# Your objective:
Within the entries below, output exactly the lines between the line containing "Planeación y Desarrollo" and the line containing "Sl. 3. Izložbeni prostor na skupu", inclusive, and omit any picture.

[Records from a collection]

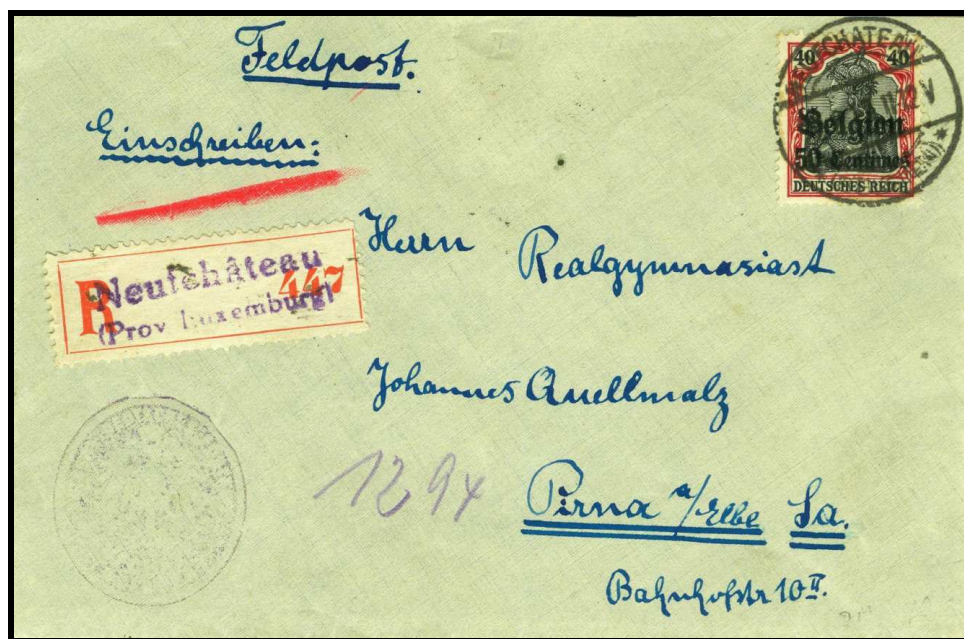
Fig.1 : Devant de l'enveloppe recommandée, envoyée de Neufchâteau, le 22 août 1917, à destination d'un étudiant de Pirna a/Elbe en Allemagne.

En bas, au milieu, des chiffres écrits au crayon violet se lisent : 1294.
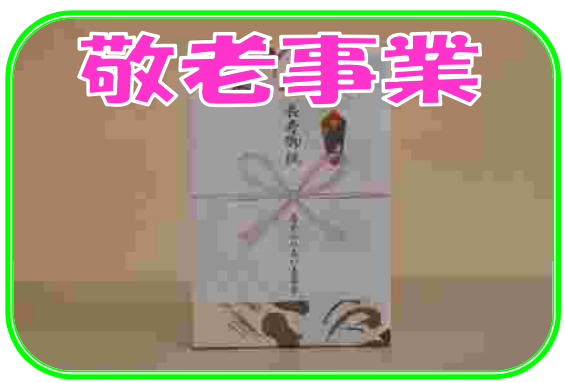
今年度は、コロナウイルス感染症防止対策のため残念ながら敬老会が実施できませんでした。地域の75歳以上の方に長寿お祝いの記念品を贈呈させていただきました。
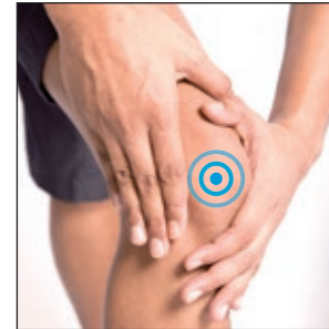
Zwackt das Knie?
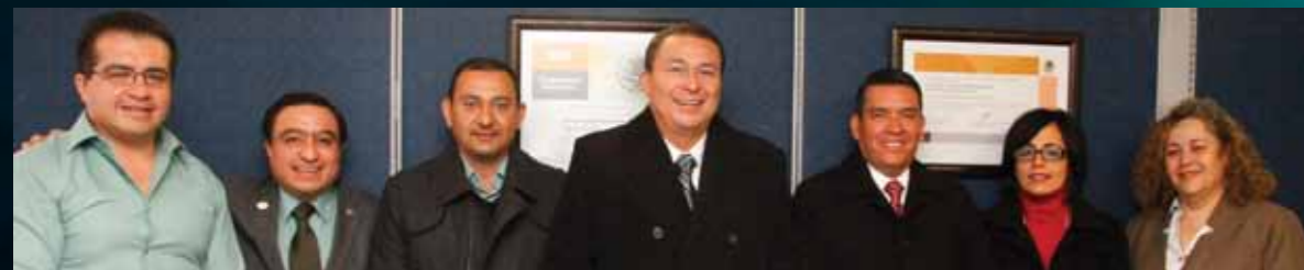
Planeación y Desarrollo
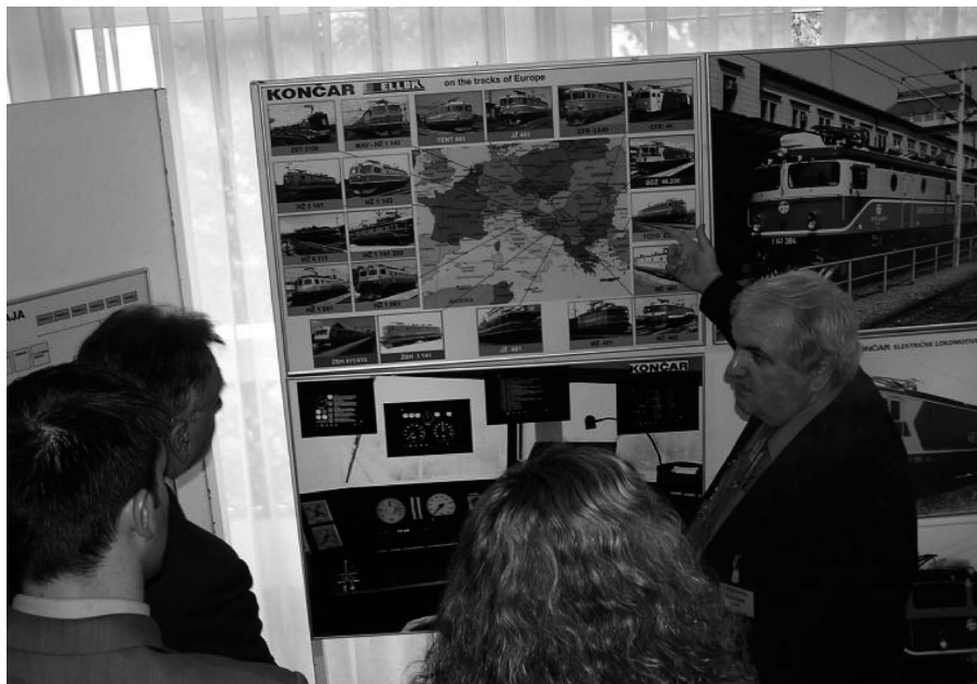
Sl. 3. Izložbeni prostor na skupu

Zbog povećanog broja radova sekcija za Željeznički promet održana je u dva dijela. U prvom su dijelu prikazani radovi o rezultatima modernizacije pomoćnog pogona tramvajskih vozila Zagrebačkog električnog tramvaja (ZET), rezultatima ispitivanja uzoraka ugljenogرافitnih klizača na oduzimačima struje tramvajskih vozila ZET-a nakon realizacije prve faze programa zamjene, prometno-gradevinskoj studiji uspinjače na Trsat u Rijeci, metrou kao nositelju masovnog tračničkog prijevoza putnika u velikim gradovima, uvođenju nove generacije brzinomjersko-registrirajućih sustava za tračnička vozila, utjecaju centraliziranog nadzora registriranih uređaja na raspoloživost signalno-sigurnosnih uređaja za upravljanje željezničkim prometom, traženju slabih mjesta u željezničkim signalno-sigurnosnim uređajima. U drugom su dijelu prikazani radovi o rezultatima u razvoju i primjeni informacijskog sustava održavanja vučnih vozila, suvremenim rješenjima primjenjenim kod rekonstrukcije i modernizacije lokomotiva BDŽ serije 44 (Škoda E 68), klimatizaciji putničkog vagona »Bl« izvedenoj pri njegovoj rekonstrukciji, modernizaciji kočnice na rekonstruiranim putničkim vagonima, daljinskom upravljanju i signalizaciji u putničkim vagonima te emisiji onečišćujućih tvari u zrak iz mobilnih izvora – lokomotiva. U okviru ove sekcije održan je i okrugli stol Za pet sati vlakom od Zagreba do Dalmacije koji je izazvao veliko zanimanje svih sudionika skupa i
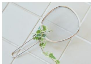
持ち手部分にあしらって

お風呂場に緑のアクセントを作ってみるのはいかがでしょうか。「お掃除が大変・・・」という気持ちも、緑のある空間が和らげてくれるかもしれません。浴室は高温、多湿で普通の植物は枯れやすいので、浴室栽培に向いた植物を選びましょう。また、土があると土にカビが生えることもあるので、水栽培できるものが、サッと水を取り替えられて浴室のインテリアとしても綺麗です。グリーン観葉植物は、浴室インテリアとして飾る以外にも、お掃除用具の持ち手部分にあしらってみるもの可愛いアクセントになりますよ。
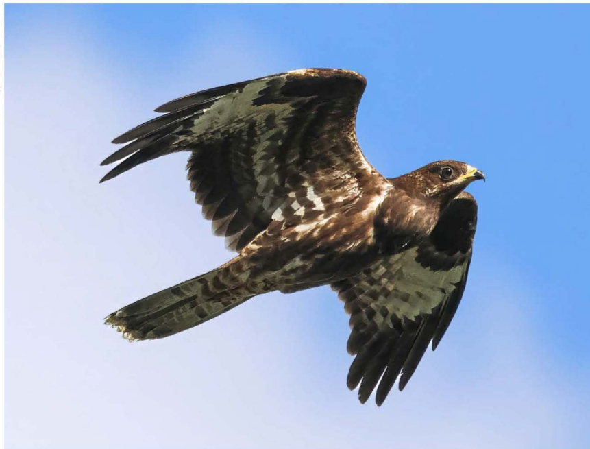
Ook de Wespendief wordt in het trekseizoen regelmatig gezien

# Task output:
Planeación y Desarrollo
Sl. 3. Izložbeni prostor na skupu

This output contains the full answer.